Bleus---- That's unfortunate that you don't understand. I did in fact get her from a reputable breeder, and being that I paid 2000 dollars for her, I do think that her ears should stand up. I never said I was looking for a showdog; I was looking for a purebred with the pointy ears at that price, not a GSD with lab ears. It does not take away any of the love that I have for her, but for personal reasons that I wanted a purebred GSD, I don't think it is unreasonable to expect that one of the most defining characteristics about the breed (pointed ears) should be that way by this age, hence my post about possible options to get that result.

From what I've read on these posts as well as on my own, there is even specific health reasons for the pet that the ears be upright, to avoid infections, etc. 

Finally, given the fact that there is an ENTIRE thread dedicated to this very subject, your comments seems pretty harsh. Hopefully you direct that sentiment at the hundreds of other posters looking for the same feedback as me.


----------



## Nieradzik

Rangers_mom said:


> I really don't have any experience with this so take my comments with a grain of salt, but from your description your dog is irritated by every attempt you have made to get her ears to stand up. Is there a possibility that all of these efforts are making the situation worse? I mean she is probably trying to get all of these tapings and bracings off of her ears and maybe she is damaging her ears in the process? As I said I don't know much about this but I am just throwing that out there as a possibility. Perhaps others will tell me I am an idiot, and I am fine with that, but I just wanted to share what I was thinking.

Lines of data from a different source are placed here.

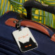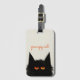 This is a minimalist luggage tag design with a flat illustration of a black grumpy cat. You can customise the text!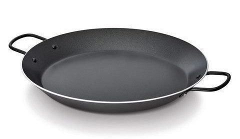 Paellera is made of die-cast aluminum. It has a Teflon Platinum Plus non-stick coating. The diameter of the pan is 32 cm.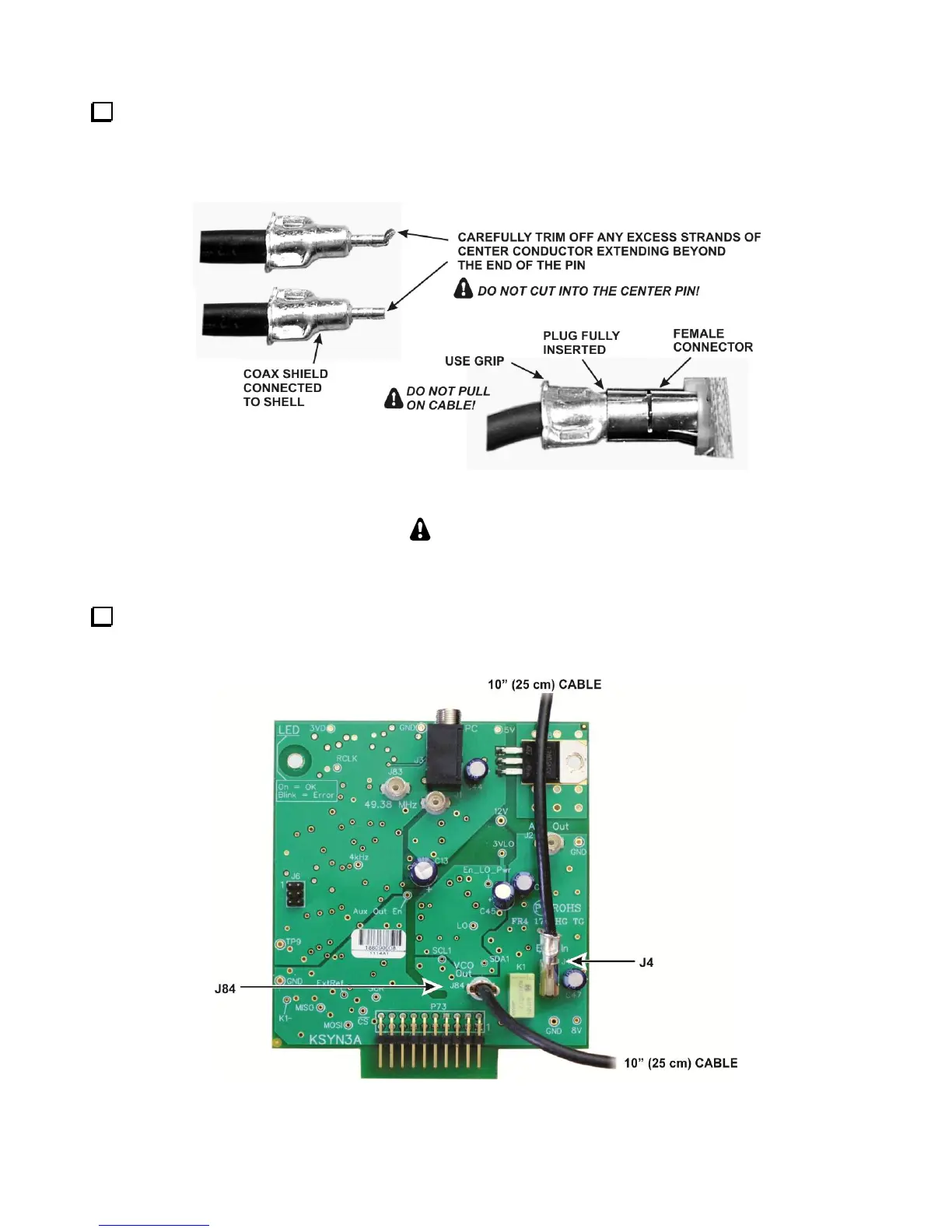Plug one end of a 10” (25 cm) cable into J84 and one end of a second 10” (25 cm) cable into J4 near the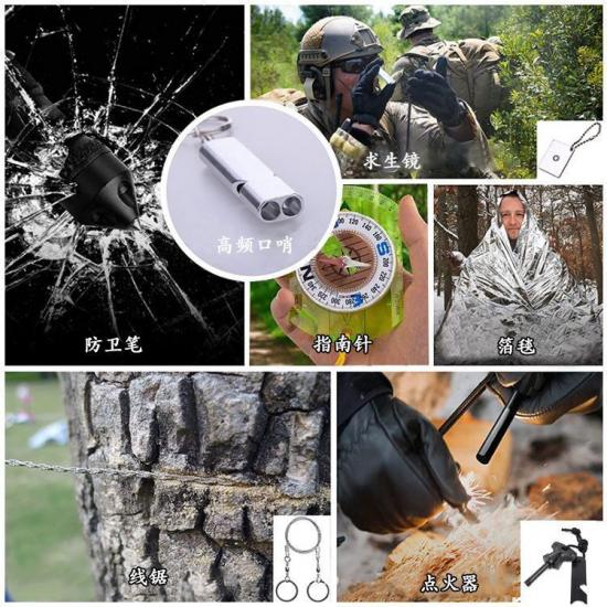 مجموعة أدوات النجاة في حالات الطوارئ 18 في 1 من الوكالات الحكومية بالجملة مجموعة الإسعافات الأولية مجموعة الهروب من الحريقالتالي :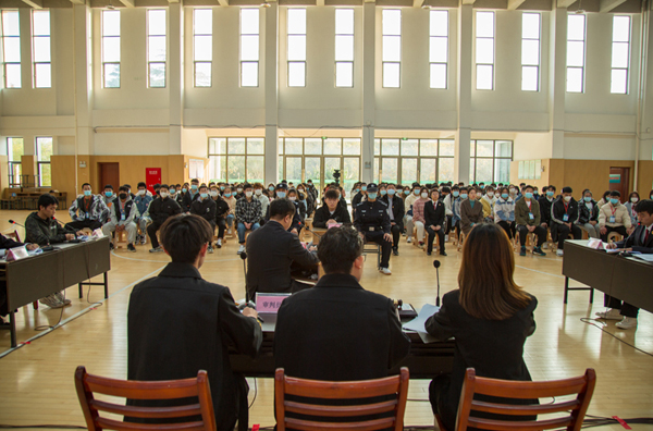 “现在开庭!”随着审判长的法槌敲击,庭审现场一片庄严肃静。本次“模拟法庭”分法庭调查、举证质证、法庭辩论、庭审教育、法庭判决等环节。现场,同学们慷慨激昂、义正辞言,生动地展示了司法工作人员认真、严谨、一丝不苟的法律工作态度以及公平、公正的法律工作精神,营造出了法庭严肃、庄重的氛围,让所有在场的旁听人员都真正融入到了整个审判过程中。
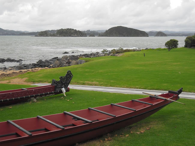 Auckland to Cape Reinga, New ZealandNot much further north and we were in the Bay of Islands region - 144 islands I am told. We are now only 60 km north of Whangarei but it has taken us a whole day to get here with all our stops and walks. Unfortunately it was quite overcast and the views not as beautiful as they could have been on a sunny day. We visited Waitangi and stopped first at the war canoes (waka). Select the photo below to see the rest of these canoes and view of the area. Previous | Album | Next |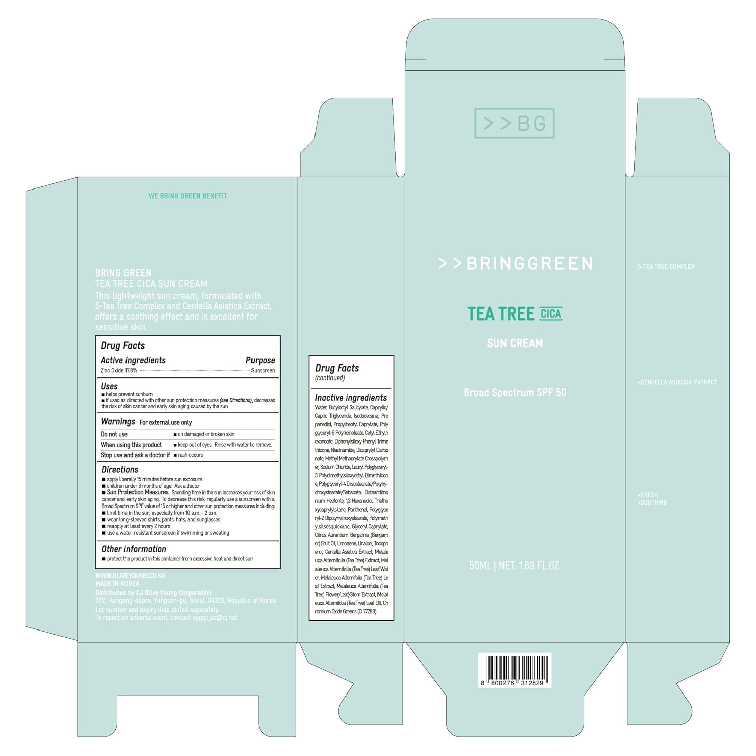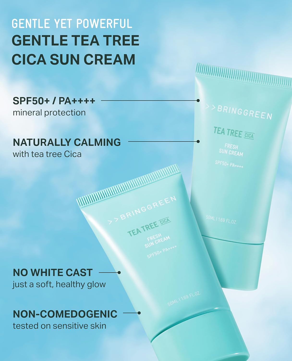 Bring Green Tea Tree Cica Mineral Sunscreen Spf 50+ Pa++++ | Non-Nano Zinc Oxide Face Sun Lotion, Reef Safe Korean Sunscreen For Sensitive Skin, Oil-Free, 1.69 Fl. Oz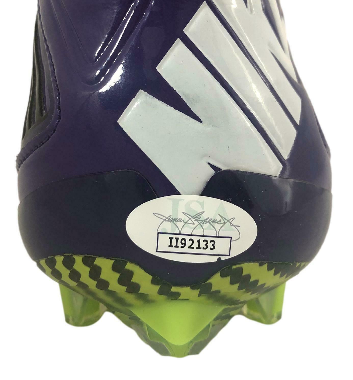 Jacob fans, this is your calling! Check out this Black/Purple Nike Football Cleat size13 signed by Jacob Eason This item is sure to shine in your man cave, office, game room or lady lair! Certificate of Authenticity: The autograph on this item has been certified authentic by James Spence Authentication (JSA), one of the largest amp; most reputable memorabilia companies in the industry. This piece includes the JSA tamper-proof authentication sticker and identification card directly from them, which can also be accessed anytime/anywhere on their online authenticity verification database on their website. This is a stock item, autograph quality may vary as well as the location of the autograph.

Thanks for your reply. I am pretty much giving up hope that they will ever come up. I love her no matter what--- just a bit irritated that this even became an issue. Like I said to the other poster, I feel that for the money I paid for her that the ears should have come up. The breeder said none of her animals have ever had weak ears. My whole point of posting here was to possibly have more experienced owners give ideas of things to try before she is over a year and when the window of opportunity to correct them would likely be gone.


----------



## Nieradzik

mjackson0902 said:


> LJ is purebred...I think (we rescued him from a shelter.) However, his ears stand up halfway and then just kind of flop over, due to his ear skin being so thin. His ears will come up when he is excited or very alert but I never really pushed the topic. I knew when I got LJ that I wasn't looking for a show dog, he was just my dog, my companion and my best friend. Point is, if you love your pup it should not matter if his ears come up or not. But then again take my opinion with a grain of salt, I don't believe in intervention unless it is medically needed. Good Luck


This sounds like Leisel. She is about 6.5 months old though...so hoping that they will come up on their own. She is my best buddy and I love her regardless...just was hoping for feedback on other things to try before she was a year old.


----------



## Rangers_mom

Nieradzik said:


> Thanks for your reply. I am pretty much giving up hope that they will ever come up. I love her no matter what--- just a bit irritated that this even became an issue. Like I said to the other poster, I feel that for the money I paid for her that the ears should have come up. The breeder said none of her animals have ever had weak ears. My whole point of posting here was to possibly have more experienced owners give ideas of things to try before she is over a year and when the window of opportunity to correct them would likely be gone.


Sorry. I think you misunderstood me. I am not at all questioning your desire for pointy ears. I was just trying to say that perhaps you should seek professional help with the matter at this point. The breeder would probably be a good starting point. I was just raising the concern that maybe your homemade attempts at correcting the situation may be making it worse.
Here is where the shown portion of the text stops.